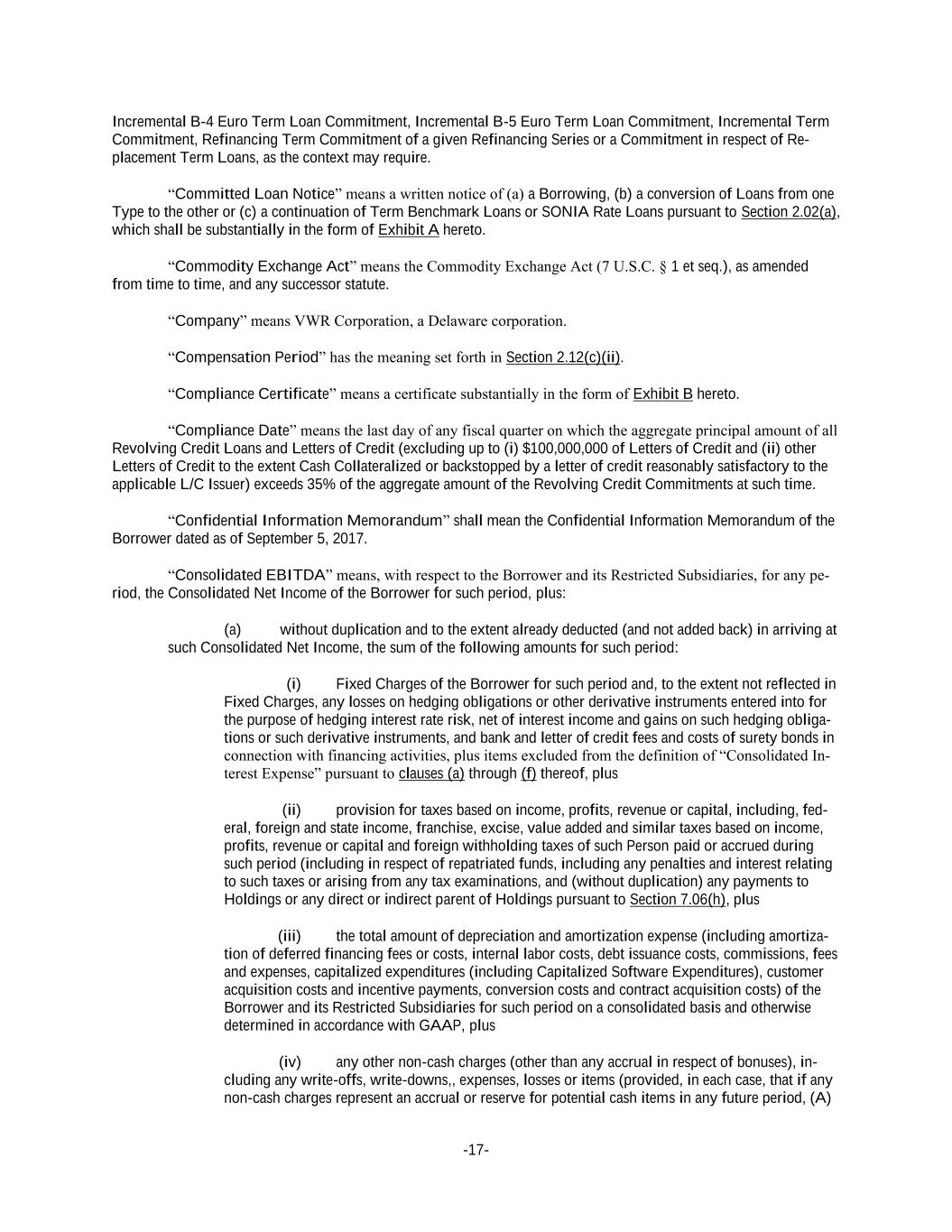 -17- Incremental B-4 Euro Term Loan Commitment, Incremental B-5 Euro Term Loan Commitment, Incremental Term Commitment, Refinancing Term Commitment of a given Refinancing Series or a Commitment in respect of Re- placement Term Loans, as the context may require. “Committed Loan Notice” means a written notice of (a) a Borrowing, (b) a conversion of Loans from one Type to the other or (c) a continuation of Term Benchmark Loans or SONIA Rate Loans pursuant to Section 2.02(a), which shall be substantially in the form of Exhibit A hereto. “Commodity Exchange Act” means the Commodity Exchange Act (7 U.S.C. § 1 et seq.), as amended from time to time, and any successor statute. “Company” means VWR Corporation, a Delaware corporation. “Compensation Period” has the meaning set forth in Section 2.12(c)(ii). “Compliance Certificate” means a certificate substantially in the form of Exhibit B hereto. “Compliance Date” means the last day of any fiscal quarter on which the aggregate principal amount of all Revolving Credit Loans and Letters of Credit (excluding up to (i) $100,000,000 of Letters of Credit and (ii) other Letters of Credit to the extent Cash Collateralized or backstopped by a letter of credit reasonably satisfactory to the applicable L/C Issuer) exceeds 35% of the aggregate amount of the Revolving Credit Commitments at such time. “Confidential Information Memorandum” shall mean the Confidential Information Memorandum of the Borrower dated as of September 5, 2017. “Consolidated EBITDA” means, with respect to the Borrower and its Restricted Subsidiaries, for any pe- riod, the Consolidated Net Income of the Borrower for such period, plus: (a) without duplication and to the extent already deducted (and not added back) in arriving at such Consolidated Net Income, the sum of the following amounts for such period: (i) Fixed Charges of the Borrower for such period and, to the extent not reflected in Fixed Charges, any losses on hedging obligations or other derivative instruments entered into for the purpose of hedging interest rate risk, net of interest income and gains on such hedging obliga- tions or such derivative instruments, and bank and letter of credit fees and costs of surety bonds in connection with financing activities, plus items excluded from the definition of “Consolidated In- terest Expense” pursuant to clauses (a) through (f) thereof, plus (ii) provision for taxes based on income, profits, revenue or capital, including, fed- eral, foreign and state income, franchise, excise, value added and similar taxes based on income, profits, revenue or capital and foreign withholding taxes of such Person paid or accrued during such period (including in respect of repatriated funds, including any penalties and interest relating to such taxes or arising from any tax examinations, and (without duplication) any payments to Holdings or any direct or indirect parent of Holdings pursuant to Section 7.06(h), plus (iii) the total amount of depreciation and amortization expense (including amortiza- tion of deferred financing fees or costs, internal labor costs, debt issuance costs, commissions, fees and expenses, capitalized expenditures (including Capitalized Software Expenditures), customer acquisition costs and incentive payments, conversion costs and contract acquisition costs) of the Borrower and its Restricted Subsidiaries for such period on a consolidated basis and otherwise determined in accordance with GAAP, plus (iv) any other non-cash charges (other than any accrual in respect of bonuses), in- cluding any write-offs, write-downs,, expenses, losses or items (provided, in each case, that if any non-cash charges represent an accrual or reserve for potential cash items in any future period, (A)
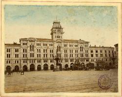 Piazza dell'Unità d'Italia: palazzo comunale e pili portabandiera
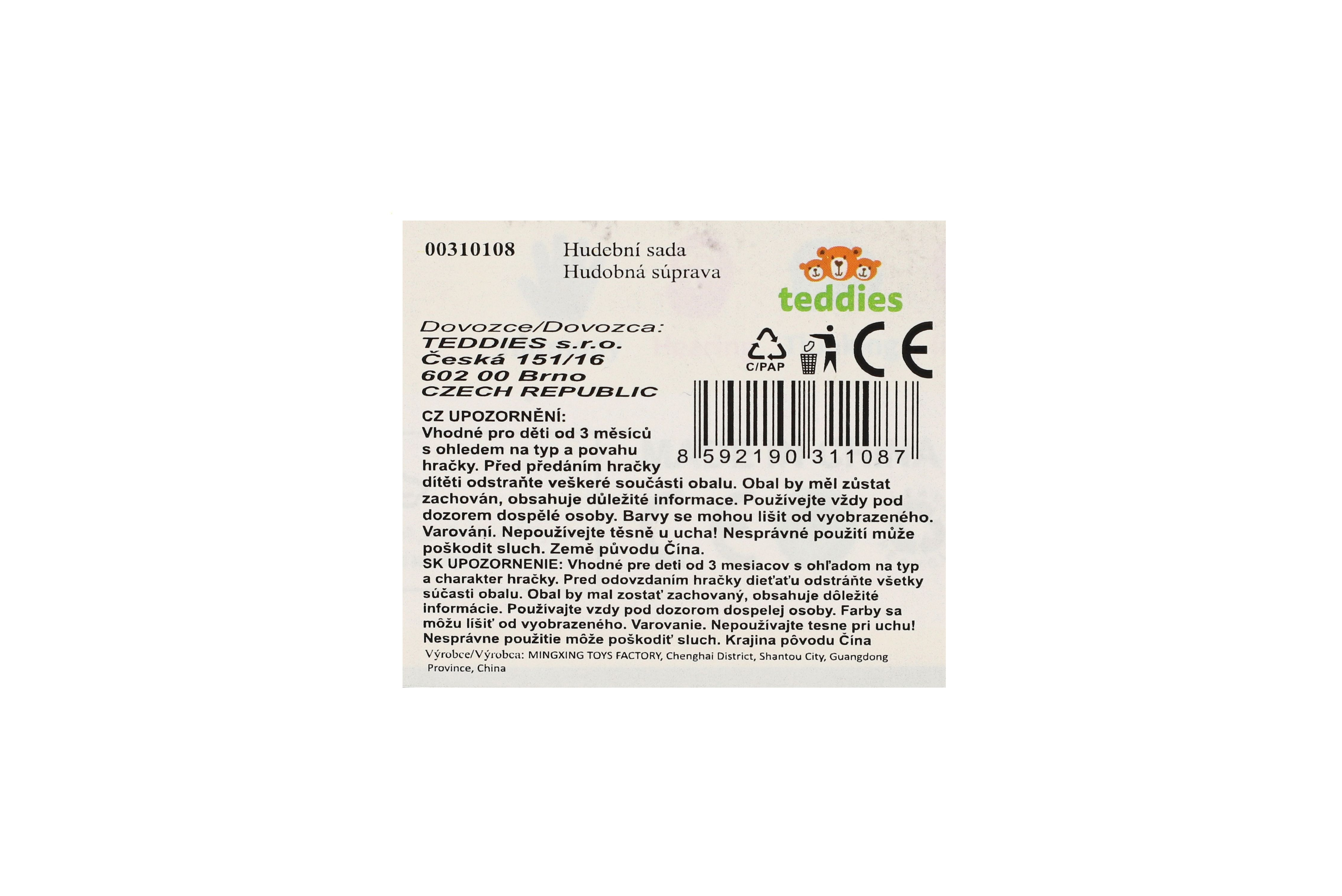 Zabavte své děti se sadou hudebních nástrojů s roztomilým dinosaurem. Tato sada je skvělým způsobem, jak jim představit svět hudby a kreativity. Sada obsahuje: bubínek, rumba koule, tamburínku a trumpetu. Rozměr balení: 27,5 x 28 cm Vhodné pro děti od 3 měsíců

+ + + + +

## Exercise prompt:
Exactly as written, return every line of the listing, but not the pictures.

## Solution to this task:
 -17- Incremental B-4 Euro Term Loan Commitment, Incremental B-5 Euro Term Loan Commitment, Incremental Term Commitment, Refinancing Term Commitment of a given Refinancing Series or a Commitment in respect of Re- placement Term Loans, as the context may require. “Committed Loan Notice” means a written notice of (a) a Borrowing, (b) a conversion of Loans from one Type to the other or (c) a continuation of Term Benchmark Loans or SONIA Rate Loans pursuant to Section 2.02(a), which shall be substantially in the form of Exhibit A hereto. “Commodity Exchange Act” means the Commodity Exchange Act (7 U.S.C. § 1 et seq.), as amended from time to time, and any successor statute. “Company” means VWR Corporation, a Delaware corporation. “Compensation Period” has the meaning set forth in Section 2.12(c)(ii). “Compliance Certificate” means a certificate substantially in the form of Exhibit B hereto. “Compliance Date” means the last day of any fiscal quarter on which the aggregate principal amount of all Revolving Credit Loans and Letters of Credit (excluding up to (i) $100,000,000 of Letters of Credit and (ii) other Letters of Credit to the extent Cash Collateralized or backstopped by a letter of credit reasonably satisfactory to the applicable L/C Issuer) exceeds 35% of the aggregate amount of the Revolving Credit Commitments at such time. “Confidential Information Memorandum” shall mean the Confidential Information Memorandum of the Borrower dated as of September 5, 2017. “Consolidated EBITDA” means, with respect to the Borrower and its Restricted Subsidiaries, for any pe- riod, the Consolidated Net Income of the Borrower for such period, plus: (a) without duplication and to the extent already deducted (and not added back) in arriving at such Consolidated Net Income, the sum of the following amounts for such period: (i) Fixed Charges of the Borrower for such period and, to the extent not reflected in Fixed Charges, any losses on hedging obligations or other derivative instruments entered into for the purpose of hedging interest rate risk, net of interest income and gains on such hedging obliga- tions or such derivative instruments, and bank and letter of credit fees and costs of surety bonds in connection with financing activities, plus items excluded from the definition of “Consolidated In- terest Expense” pursuant to clauses (a) through (f) thereof, plus (ii) provision for taxes based on income, profits, revenue or capital, including, fed- eral, foreign and state income, franchise, excise, value added and similar taxes based on income, profits, revenue or capital and foreign withholding taxes of such Person paid or accrued during such period (including in respect of repatriated funds, including any penalties and interest relating to such taxes or arising from any tax examinations, and (without duplication) any payments to Holdings or any direct or indirect parent of Holdings pursuant to Section 7.06(h), plus (iii) the total amount of depreciation and amortization expense (including amortiza- tion of deferred financing fees or costs, internal labor costs, debt issuance costs, commissions, fees and expenses, capitalized expenditures (including Capitalized Software Expenditures), customer acquisition costs and incentive payments, conversion costs and contract acquisition costs) of the Borrower and its Restricted Subsidiaries for such period on a consolidated basis and otherwise determined in accordance with GAAP, plus (iv) any other non-cash charges (other than any accrual in respect of bonuses), in- cluding any write-offs, write-downs,, expenses, losses or items (provided, in each case, that if any non-cash charges represent an accrual or reserve for potential cash items in any future period, (A)
 Piazza dell'Unità d'Italia: palazzo comunale e pili portabandiera
 Zabavte své děti se sadou hudebních nástrojů s roztomilým dinosaurem. Tato sada je skvělým způsobem, jak jim představit svět hudby a kreativity. Sada obsahuje: bubínek, rumba koule, tamburínku a trumpetu. Rozměr balení: 27,5 x 28 cm Vhodné pro děti od 3 měsíců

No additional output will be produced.